At the second interval, however, syntactic complexity grows faster than lexical variance, but at
the same rate as lexical sophistication. Finally, across the three years, the L2 learners’ lexical
richness develops independent of their syntactic complexity, and vice versa. This section
provides tentative explanations.
Non-linear development of lexical richness and syntactic complexity
Although it was expected that the L2 learners increased their lexical richness and syntactic
complexity as years progressed, it was found statistically that the learners did not show any sign
of lexical richness or syntactic development from Year 1 to Year 2 but rather displayed their
greater lexical richness and syntactic complexity at Year 3 alone. There might be several reasons
for this.
To start with, as the learners own a smaller vocabulary size in the first and second year, two
elementary learning stages, than in the third year, an advanced learning stage, they could have
rather limited word choices in the first two years, partly contributing to no difference in lexical
variance between the first and second years but a great difference between the third and either of
the first two years.
Secondly, non-basic vocabulary is more difficult in the sense that it is only acquired in later
stages of the language acquisition process (Larsen-Freeman, 2006). The use of non-basic items
in spontaneous speech reveals a high proficiency. This is maybe a plausible account for no
significant growth of L2 learners’ lexical sophistication in the first period (Year 1-Year 2) but in
the second period (Year 2-Year 3).
Thirdly, the learners produced more simple sentences in both the first and second years than
the third year, contributing to no difference in syntactic complexity between the first and second
years but a great difference between the third and either of the first two years.

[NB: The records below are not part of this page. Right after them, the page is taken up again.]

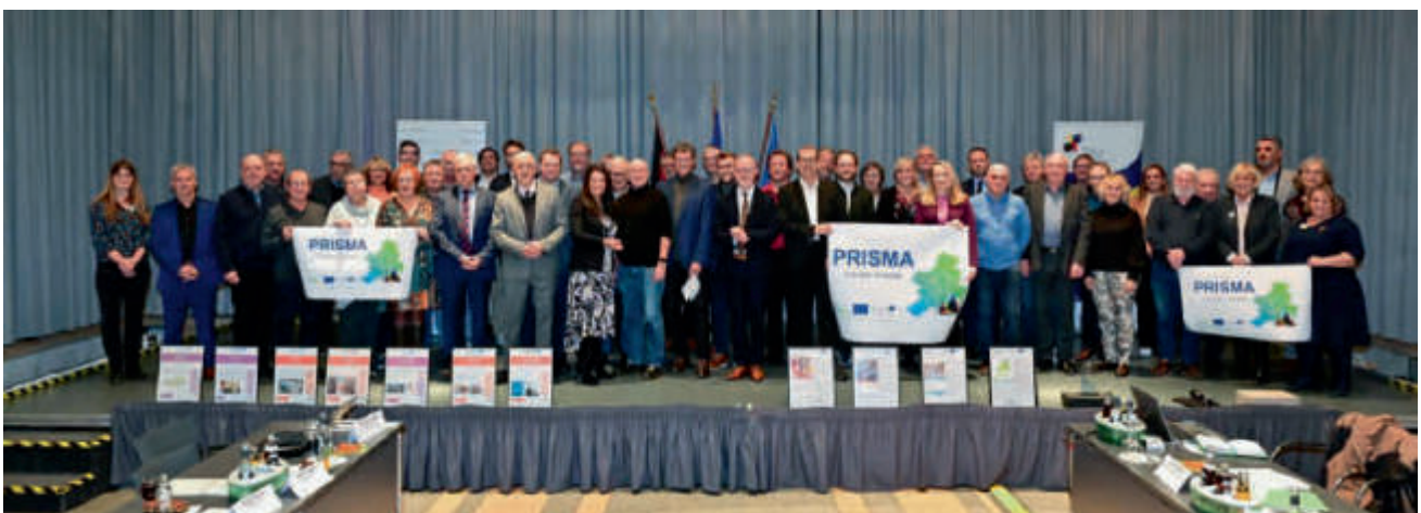
PRISMA-Projektlaunch bei der EVTZ-Versammlung am 27.11.2024 im Saarbrücker Schloss. Lancement du Projet PRISMA lors de l'Assemblée du GECT au château de Sarrebruck, le 27/11/2024.

Les partenaires souhaitent atteindre cet objectif à travers les mesures et les activités suivantes sur la période 01.01.2024 à 31.12.2026 :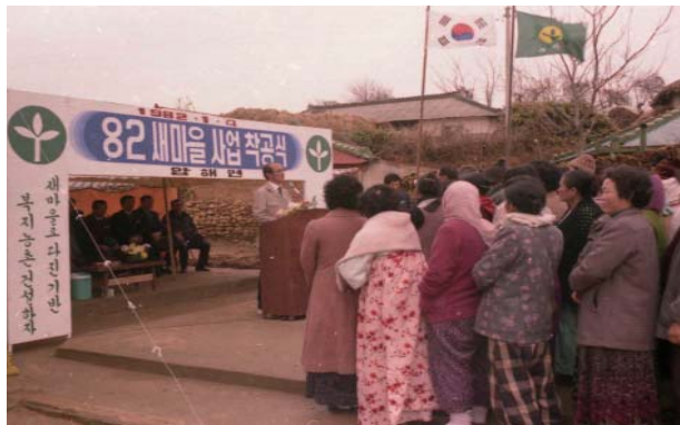
▶ 1982년 압해도에서 새마을사업 착공식을 하고 있는 모습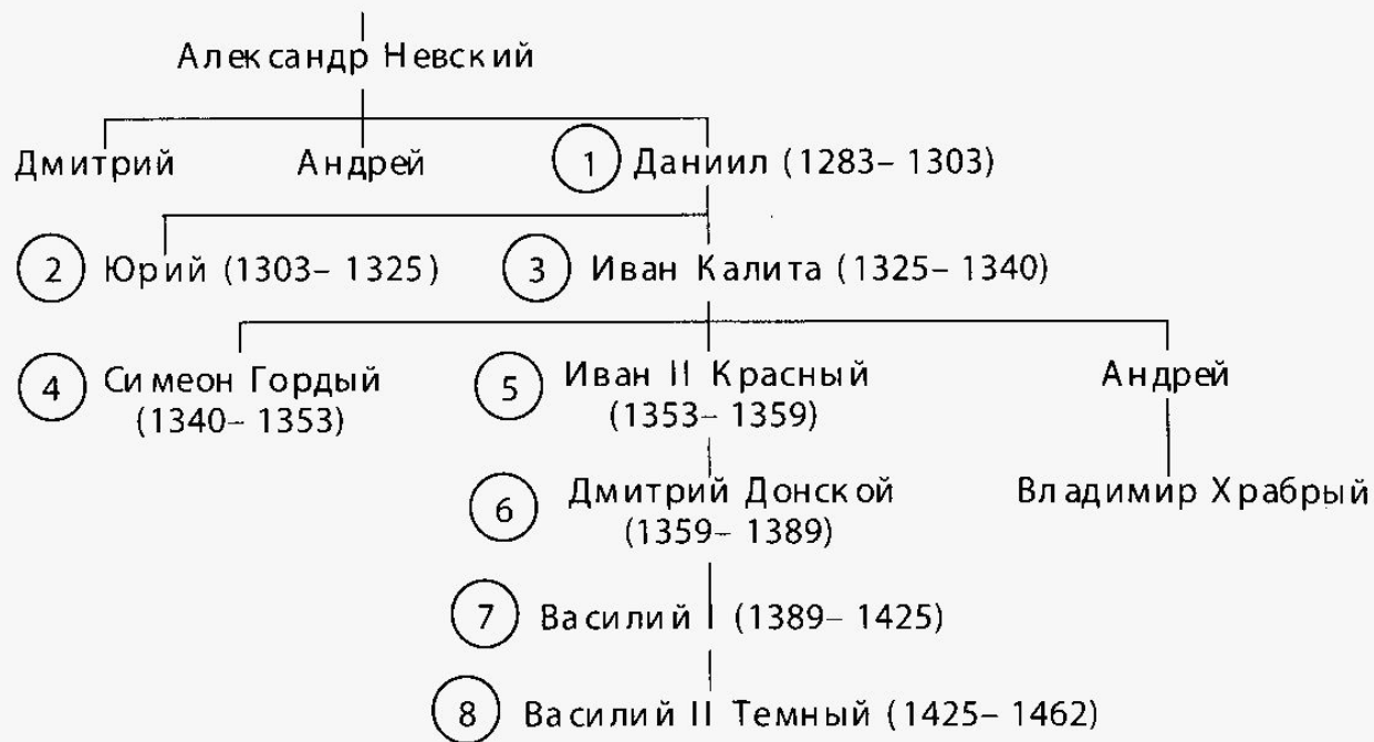
Рис. 3. Генеалогическое древо московских князей (в скобках даны даты правления)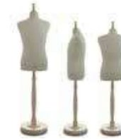
UNIFORMES MILITARES (MANIQUÉS)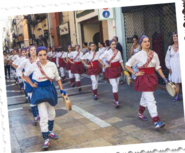
Festa Major, 2023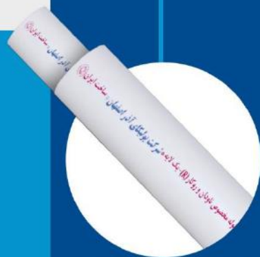
Rain Water Pipe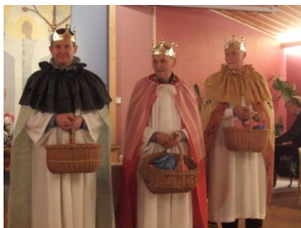
Årets tre konger med nye uniformer for anledningen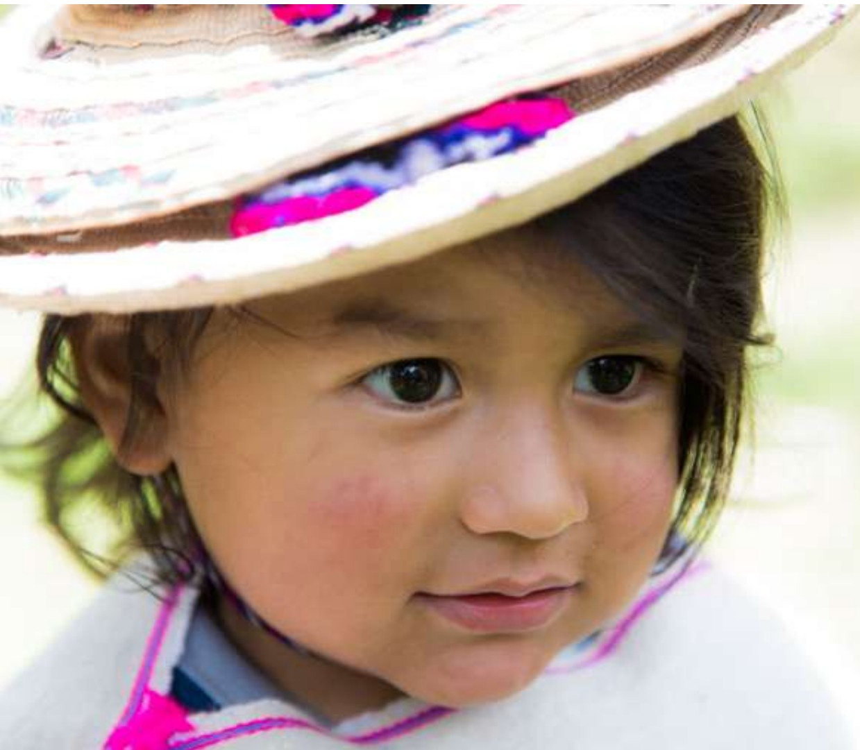
Figura 11. Indumentaria especial, Cauca. [Fotografía Por Jenniffer Beltran]. (Vereda Peña de Corazón, Silvia-Cauca. 2018).

Finally, the non-linear developmental patterns of L2 learners’ lexical richness and syntactic
complexity in this study was also proved in Wen (2006)’s study, where the period between Year
2 and Year 3 saw the most noticeable progress. This could possibly be accounted for by “the
prime period for learning” hypothesis (Wen, 2006), which states that the period between Year 2
and Year 3 is an optimal stage for language development during four years’ undergraduate study.
As the teaching methods and learning environment in the university are quite different from
those in the high school, the students need to adapt to them during the first year at university. As
a consequence, the obvious growth of lexical and syntactic complexity occurs in the later period.

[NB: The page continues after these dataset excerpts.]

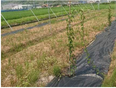
水田転換園で耐湿性台木の試験

開花前から開花期の連続降雨は、花腐細菌病の多発や受粉不良を引き起こします。また、梅雨時期の連続降雨により根が衰弱し、その後の高温乾燥で根からの吸水が間に合わず立枯れ状態になってしまいます。近年多発する異常気象等の影響を克服する安定生産技術を開発します。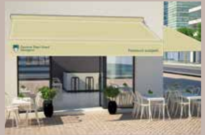
Unificiranje starogradske jezgre

Općina Stari Grad Sarajevo počela je proces unificiranja gradske jezgre uvođenjem jednoobraznih tendi jedinstvenog izgleda, a rokovi za njihovo postavljanje usklađeni su prema zonama u kojim poslovni subjekti djeluju.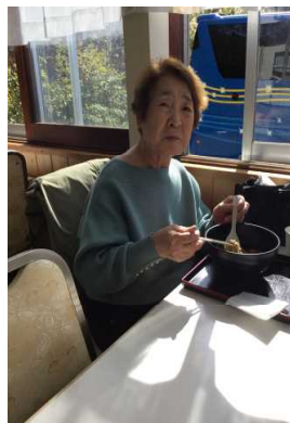
紅葉がキレイだきゃ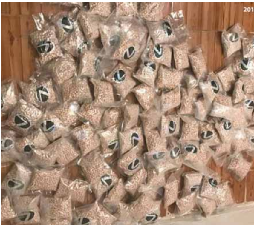
حبوب الكيتاغون من المضبوطات

أعلنت قيادة الجيش - مديرية التوجيه في بيان لها انه: «بتاريخ ١٧/١١/٢٠١٨،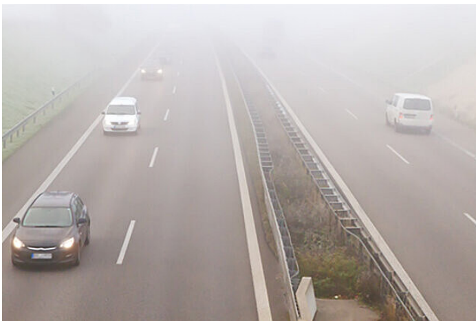
Zones de l'image qui semblent floues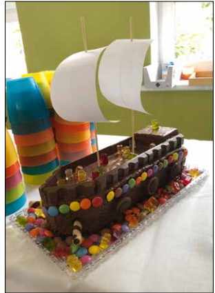
Kuchenbasar – Motto „Schiff ahoi“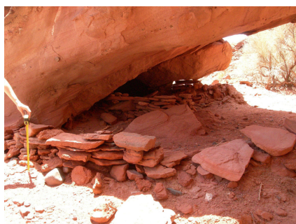
Figura 4. Quebrada don Eduardo.

No hay anotaciones que permitan separar el material de excavación del superficial, por lo que consideraremos los 57 fragmentos en su conjunto. La cerámica gris sin decoración que menciona Gonaldi no corresponde, como podría pensarse por las características de otros sitios del PNTA, a fragmentos Ciénaga; por el contrario, presentan una composición disgregable de granulometría heterogénea, con abundantes inclusiones de cuarzo, rocas varias y material orgánico. Además, el recipiente posee paredes gruesas, curvatura compatible con una forma abierta de tamaño mediano (ca. 30-35 cm) y cocción oxidante incompleta. Asociado a este material se conservan dos tiestos que corresponde tipológicamente a la decoración Sanagasta-Angualasto (Revuelta et al. , 2010-2011), con características tecnológicas similares: uno de ellos está decorado con las típicas bandas gruesas verticales festoneadas ( sensu Serrano, 1943) y el otro presenta líneas en zigzag de pintura negra sobre superficie roja desleída (Fig. 5).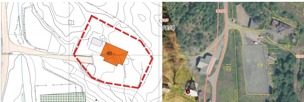
Figur 1 omsøkt frådeling og flybilde same stad

Saka gjeld søknad om frådeling av parsell på 1,1 daa med påståande bustad i landbruk,- natur- og friluftsområde (LNF) på gbnr 319/5 Sagstad nedre. Landbruksavdelinga har fått oversendt søknad om dispensasjon til uttale. Søknad krev samtykke til deling etter jordlova § 12, og dette må vurderast før dispensasjonssaka vert endeleg avgjort.

Lexical richness in no relation to syntactic complexity
With regard to the relationship between lexical richness and syntactic complexity, the
present study yields a surprising yet enlightening result: they progress independent of each other
in three years. This is consistent with Li (2007)’s study focusing on the written data. This may
indicate that Chinese L2 learners do not develop their lexical richness and syntactic complexity
simultaneously or in balance, no matter in their written English or spoken English. However, Li
(2007) also concluded that, compared with Swedish L2 learners, Chinese L2 learners exhibited
comparable lexical richness but quite a large gap in syntactic complexity in writing, which
indicates that more attention should be drawn to syntactic development. Different from that, the
present study shows that in L2 learners’ spoken performance lexical sophistication enjoys a
fastest growth in the first period while syntactic complexity measured by (C+VP)/T and DC/C
outperforms it in the second interval. Therefore, L2 learners’ growth of lexical richness and
syntactic complexity in the oral output reveals its unique features, which are quite distinct from
those in their written production.
Generally speaking, in spoken performance, L2 learners put more weight on lexical
development in the first interval, in particular the expansion of advanced vocabulary while in the
second interval they apparently turn more attention to the growth of syntactic complexity, thus
indicating separate developmental trajectories of lexical richness and syntactic complexity in
different periods.
Concerning lexical development, lexical sophistication constantly displays a relatively fast
and steady growth while lexical variance progresses slowest among four developmental indices,
which corresponds to the fact that Chinese L2 learners usually attach much importance to
acquisition of a large quantity of words, in particular those less frequent words while ignoring
the diversity of lexical choices. Besides, the finding that lexical sophistication and lexical
variation do not develop in tandem may also suggest that the growth of lexical sophistication
does not necessarily mean varied word choices, especially in spoken English. It is a common
phenomenon that L2 learners with abundant advanced vocabulary may only have a limited active
word repertoire and thus could not diversify their use of L2 vocabulary.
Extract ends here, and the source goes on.